The Australian series 60 Minutes featured Piper in 2009. In the same month, she appeared on Channel 4's Krishnan Guru-Murthy-hosted television-led debate The TV Show to discuss the reaction to the original documentary. Piper has also appeared as a guest on a number of British magazine and news programmes including Live From Studio Five, Woman's Hour, BBC Breakfast and This Morning.

In 2012, Piper participated in a week-long series for Channel 4 Hotel GB. In 2013, Piper took part in The Secret Millions, a Secret Millionaire spin-off. In 2013, Piper appeared in the three-part Gok Live: Stripping for Summer. Piper also appeared as a box-opener in Gok Wan's edition of Celebrity Deal or No Deal in 2013.

In 2018, Piper became a brand ambassador for Swarovski.

In 2018, Piper was announced as the first contestant in that year's Strictly Come Dancing. She was partnered with professional dancer Gorka Marquez and was the third contestant to be eliminated.

Piper became a feature presenter on Songs of Praise in September 2020. In July 2021, she became a panellist on Loose Women.

Piper presents Channel 4's Never Seen a Doctor (2016).

== Writing ==
Piper's autobiography, called Beautiful, was published in paperback by Ebury Press on 17 February 2011. Following the success of Beautiful, Piper signed a three-book deal with publisher Quercus. The first of these was a self-help book titled Things Get Better: If you believe then you will survive, followed by a page-a-day compilation of positive affirmations, quotes and mantras, Start Your Day with Katie, both of which were published in 2012. A second volume of memoirs, titled Beautiful Ever After, was released in 2014. Piper released her next book Confidence: the Secret in late 2016. In 2018, Piper and her mother published the book From Mother to Daughter: The Things I'd Tell My Child through Quercus.

Piper has written for Reveal magazine and Now magazine.
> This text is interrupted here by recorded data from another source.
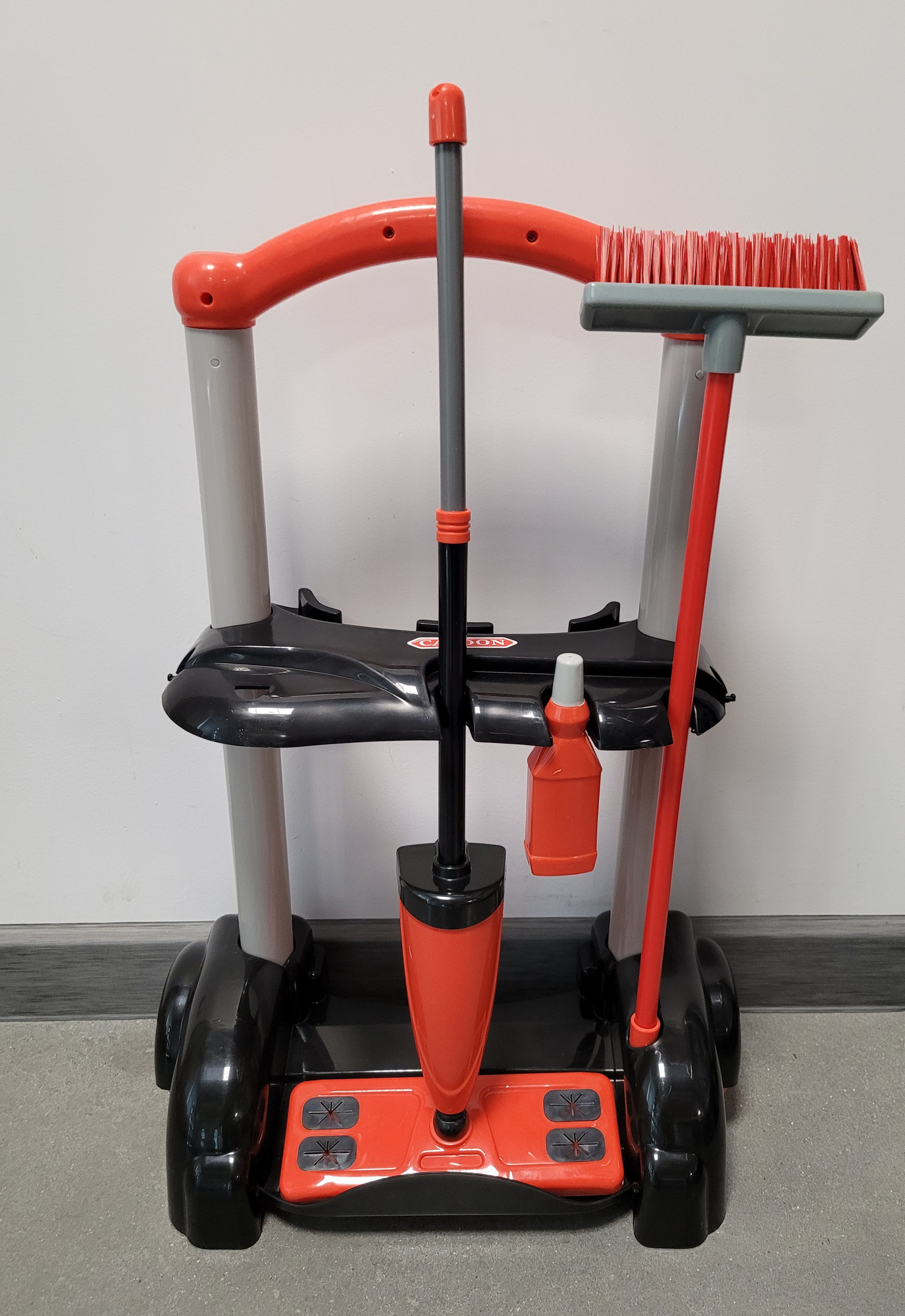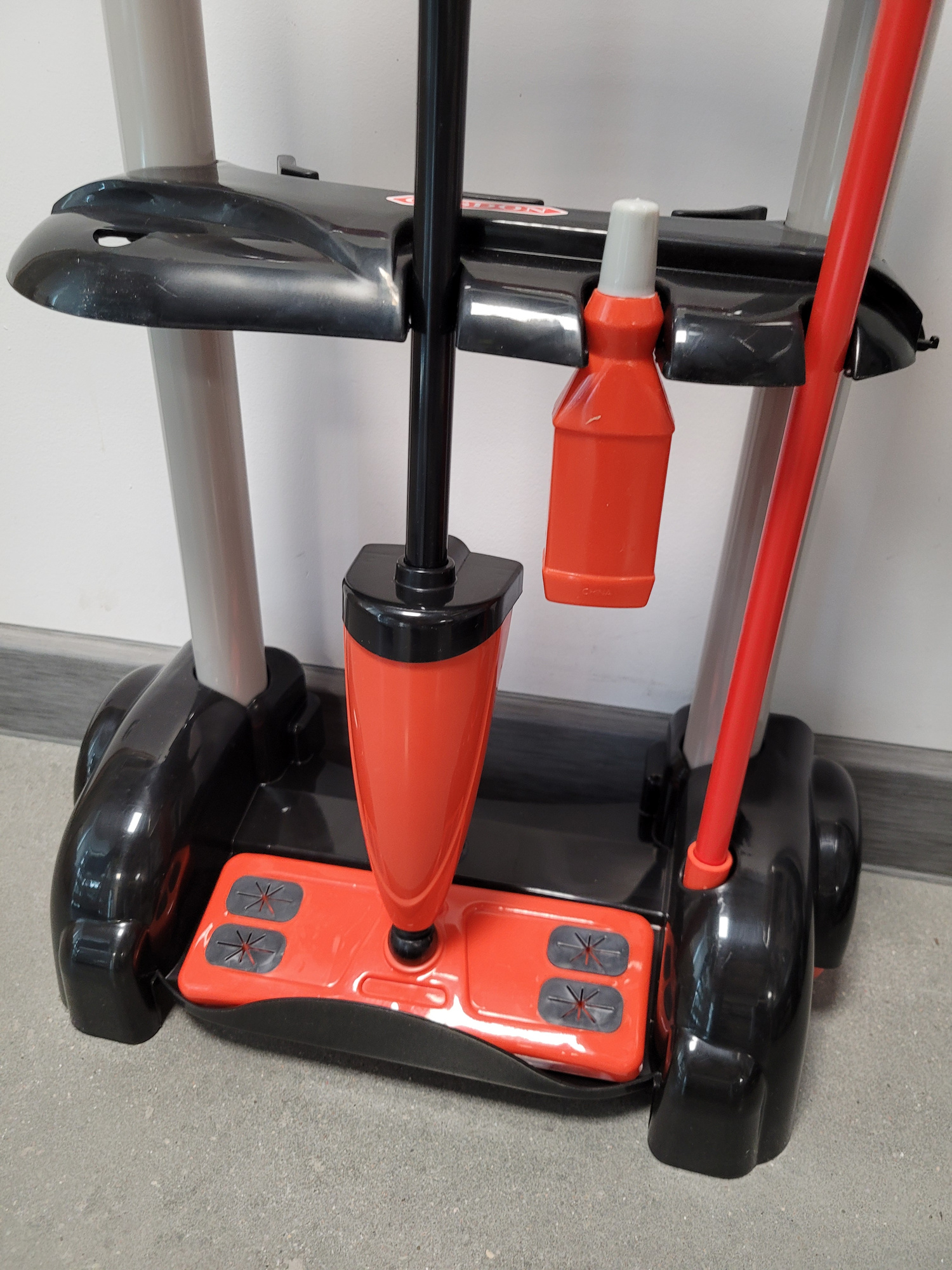- w skład zestawu wchodzi: wózek, mop ze zdejmowaną szmatką, miotła, płyn do sprzątania (imitacja), worek na śmieci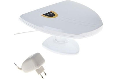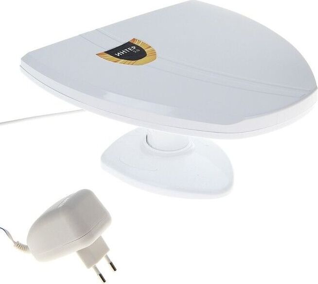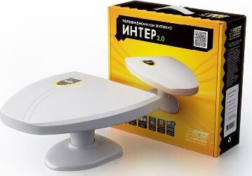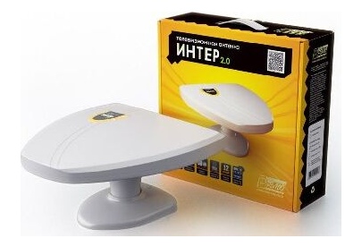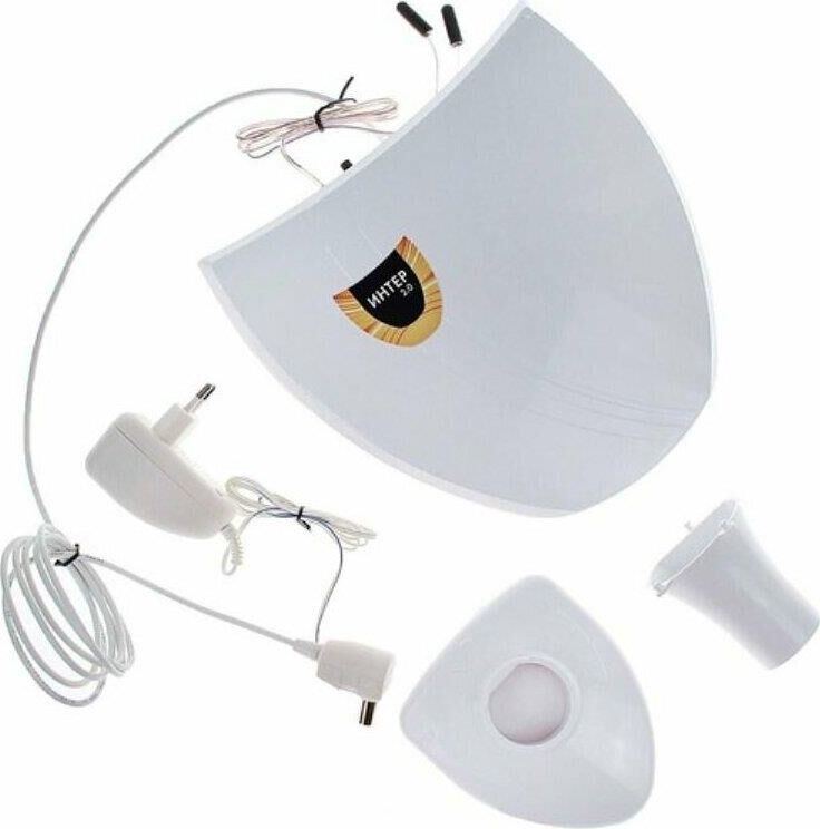 Всеволновая эфирная комнатная антенна «Интер 2.0» , для приема телевизионных программ в диапазонах 1-12 и 21-69 каналов в аналоговом и цифровом (DVB-T и DVB-T2) форматах вещания, коэффициент усиления - 32-42 дБи, блок питания, усилитель, длина кабеля - 1,8 м.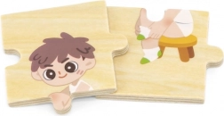 Ta kakovostna lesena izobraževalna igrača otroke uči pravilnega zaporedja oblačenja z zlaganjem zaporednih delov s podobami dečka in deklice. Vsak del ima edinstven motiv in natančno sodi skupaj, zato otroci med igro urijo razumevanje povezav in potrpežljivost.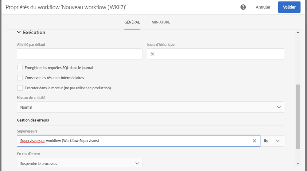 Workflows : chaque membre du groupe de sécurité sélectionné est informé (par email et notification In-App) en cas d’erreur dans un workflow. Un clic sur la notification ou sur le lien de l'email affiche le workflow correspondant. Les notifications sont désactivées par défaut dans le modèle d'usine de workflow. Si vous souhaitez les activer, éditez les propriétés du workflow ou du modèle de workflow et ajoutez un groupe de sécurité sous Général > Exécution > Gestion des erreurs > Superviseurs. Pour plus d'informations sur les groupes de sécurité, voir Gestion des groupes et des utilisateurs. Pour plus d'informations sur les propriétés d'un workflow, voir Propriétés d'un workflow.
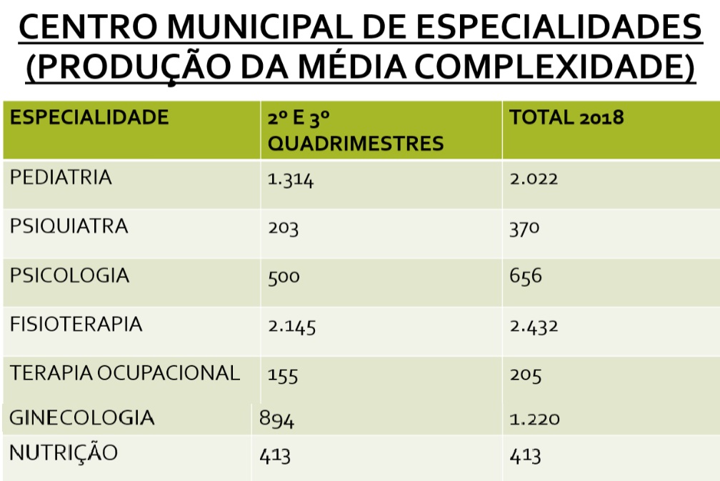 De acordo com os dados, em 2018 foram realizados atendimentos de pediatria (2.022), psiquiatria (370), psicologia (656), fisioterapia (2.432), terapia ocupacional (205), ginecologia (1.220) e nutrição (413).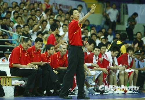 图为在中国对阵安哥拉的比赛中,中国队主教练郭士强在场边指挥。中新社发 杜洋 摄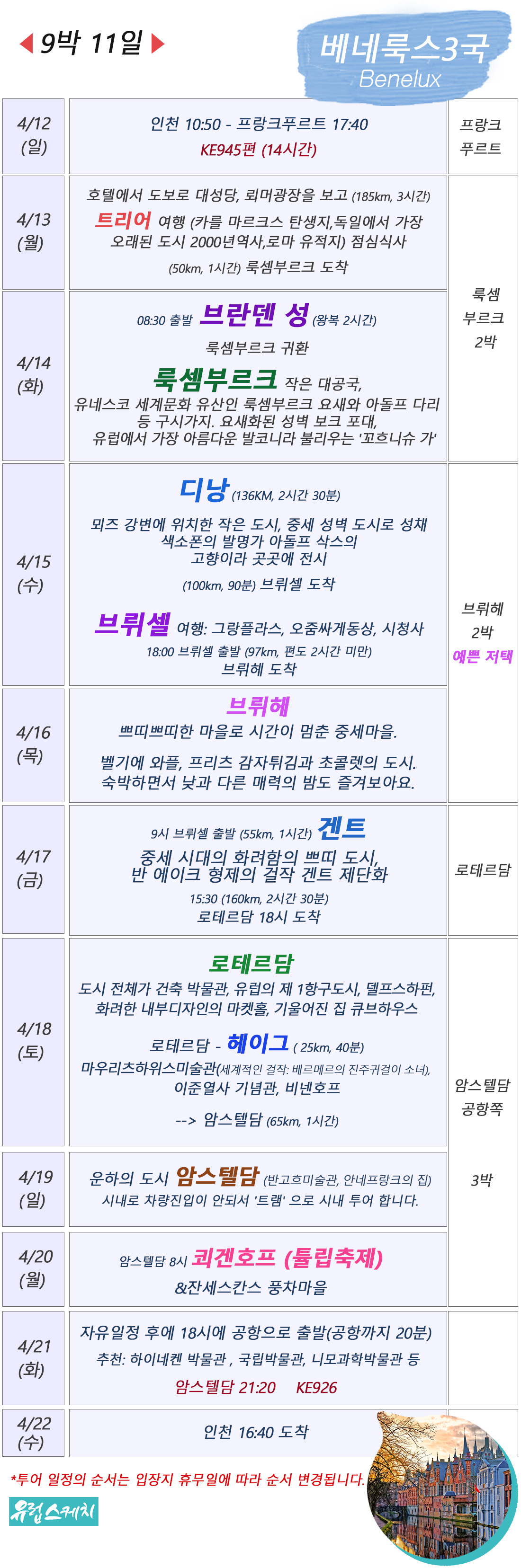 네덜란드의 활기찬 암스테르담 운하에서 보트 투어를 즐기고, 잔세스칸스의 풍차와 쾨켄호프의 튤립(시즌에 따라)을 배경으로 인생샷을 남겨보세요!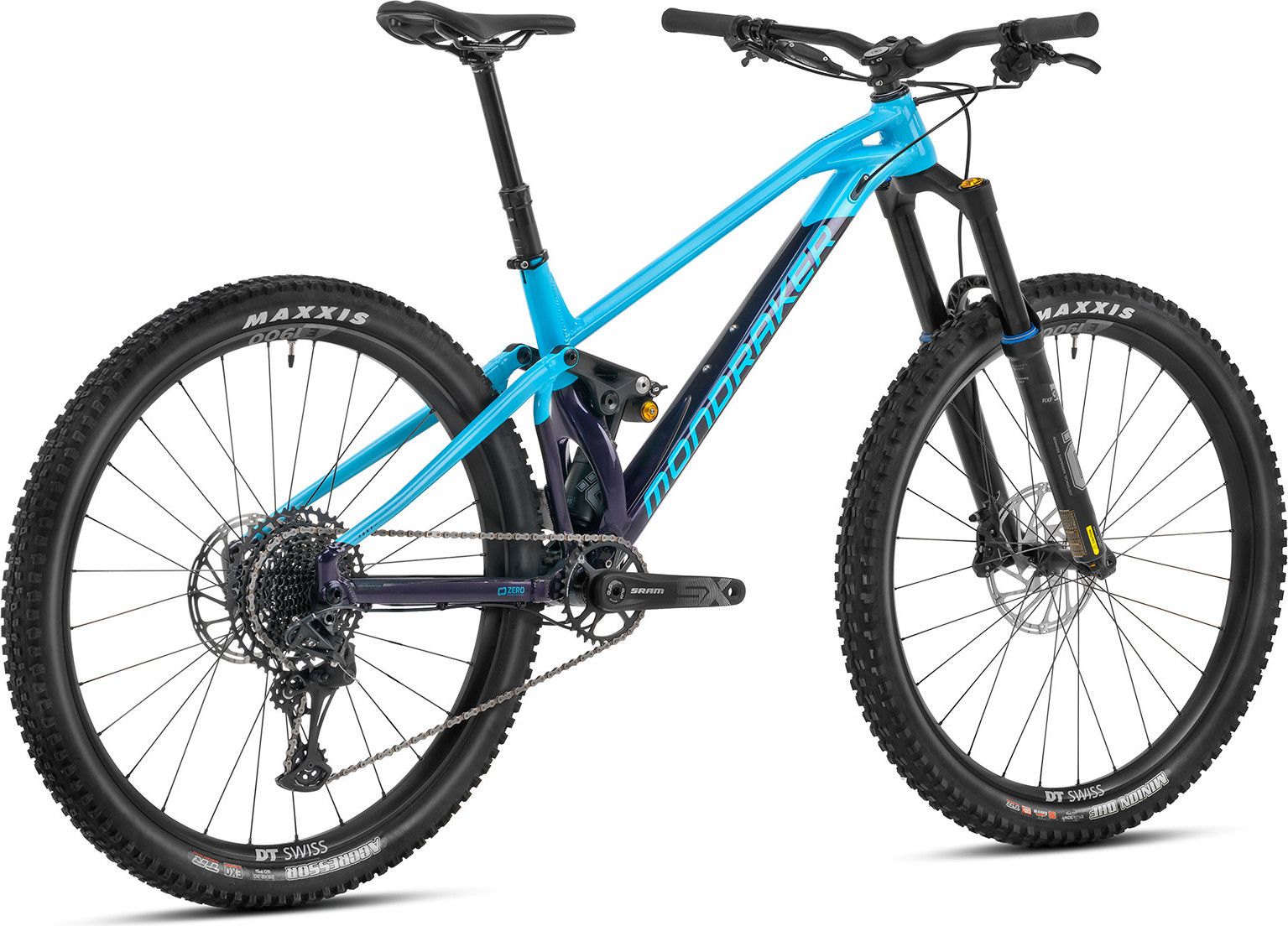 Le VTT Tout-Suspendu Mondraker Foxy R se distingue par son design bleu et violet moderne et élégant, attirant les regards tout en reflétant la performance. Ce design n’est pas seulement esthétique, mais il met également en valeur la qualité du vélo. Les couleurs vives et le style contemporain ajoutent une touche sportive et dynamique au modèle.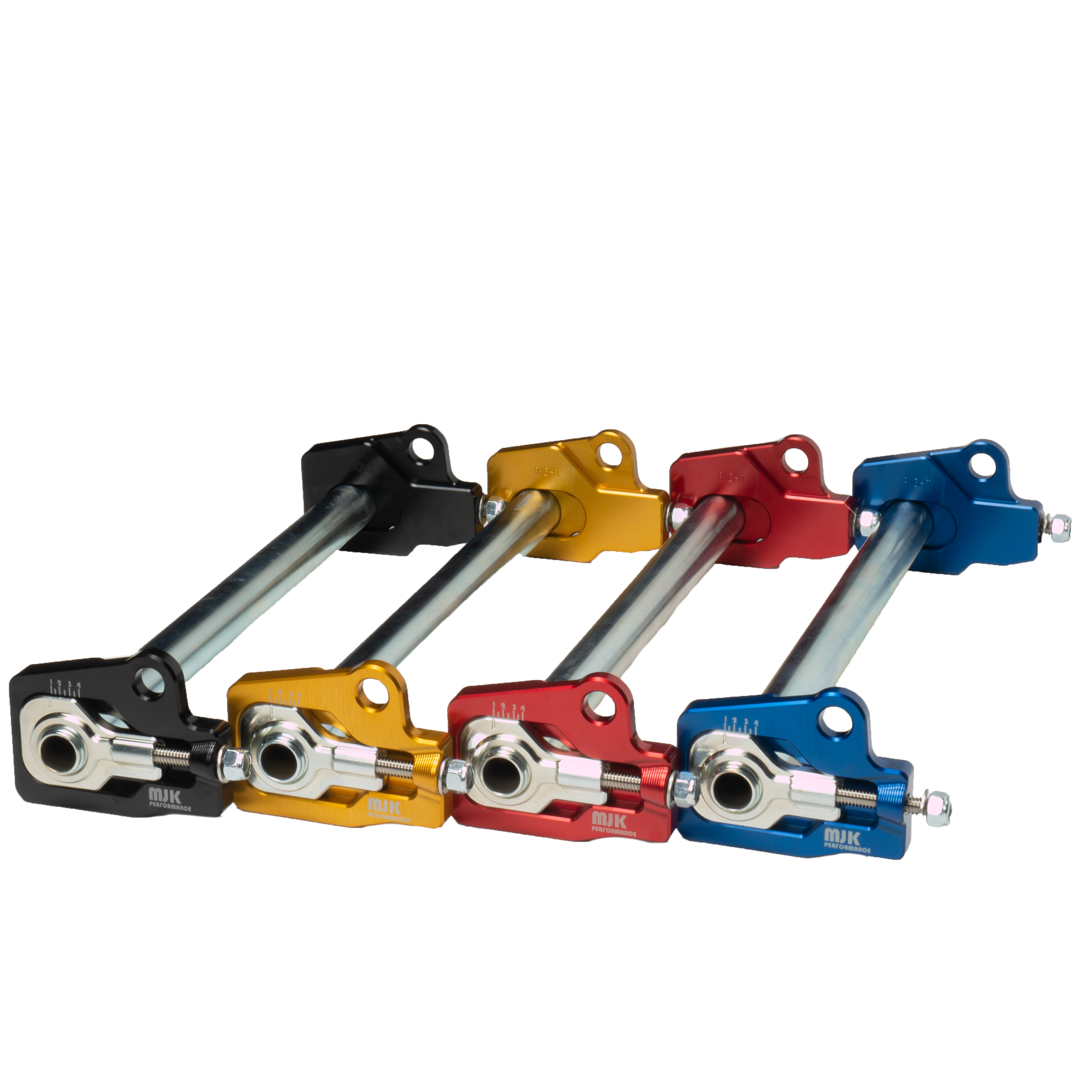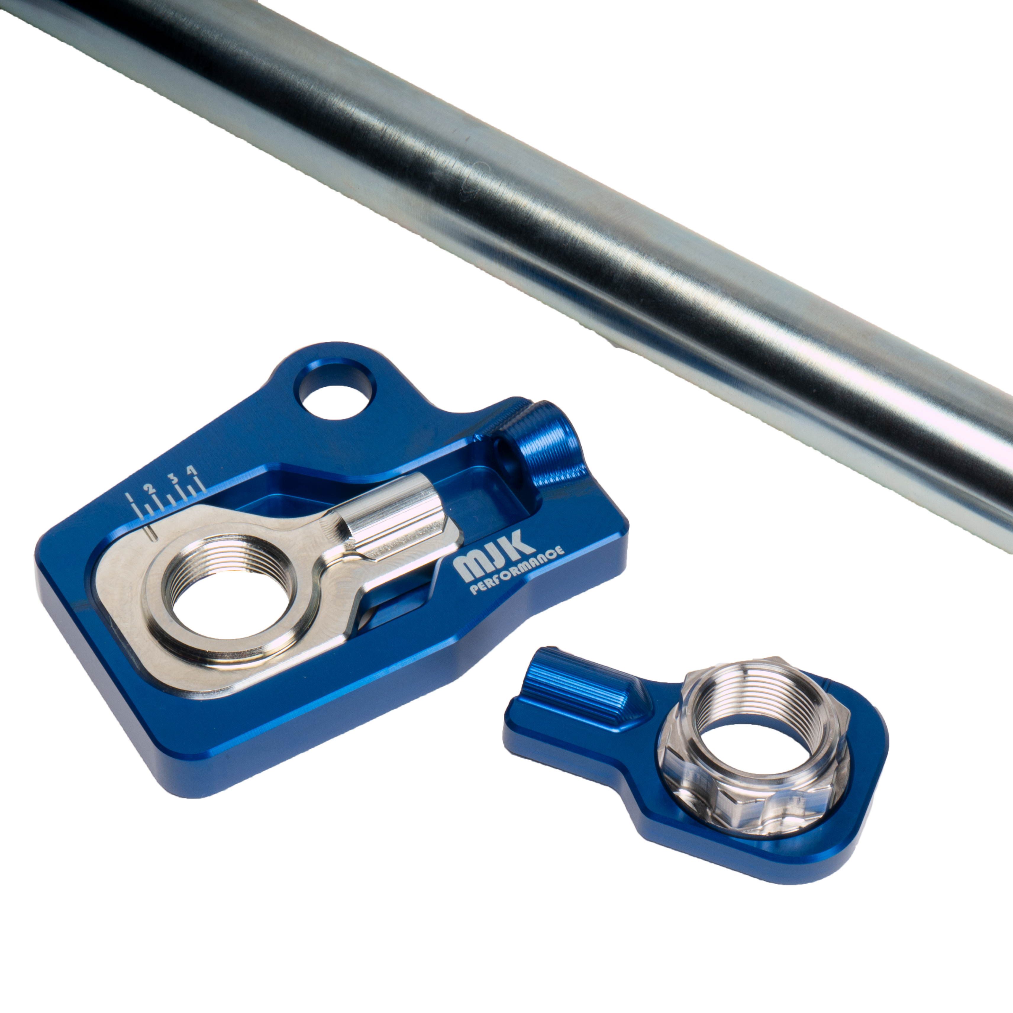 The new low profile axle adjusters are designed to be removed from the left side and now come with a stainless steel axle nut and 4130 Chromoly axle

She has also written for newspapers including the Sunday Mirror and the Sunday People.

==Honours, awards and nominations==
Katie: My Beautiful Face was nominated for Best Single Documentary at the BAFTA Television Awards in 2010.

Piper won the "Women to Watch: Inspiration" award at Red magazine's "Red's Hot Women Awards" in 2010.

In 2011, Katie: My Beautiful Face won the "Best Documentary Programme" award at the Broadcast Awards; Piper attended to collect the prize alongside the film-makers.

Piper was awarded the "You Can" Award at the Sainsbury's Women of the Year Awards 2011.

In 2012, Piper received a 'Pride of Britain' award.

In 2014, Piper became an Honorary Doctor of Health Sciences at Anglia Ruskin University.

Piper was appointed Officer of the Order of the British Empire (OBE) in the 2022 New Year Honours for services to charity and victims of burns and other disfigurement injuries.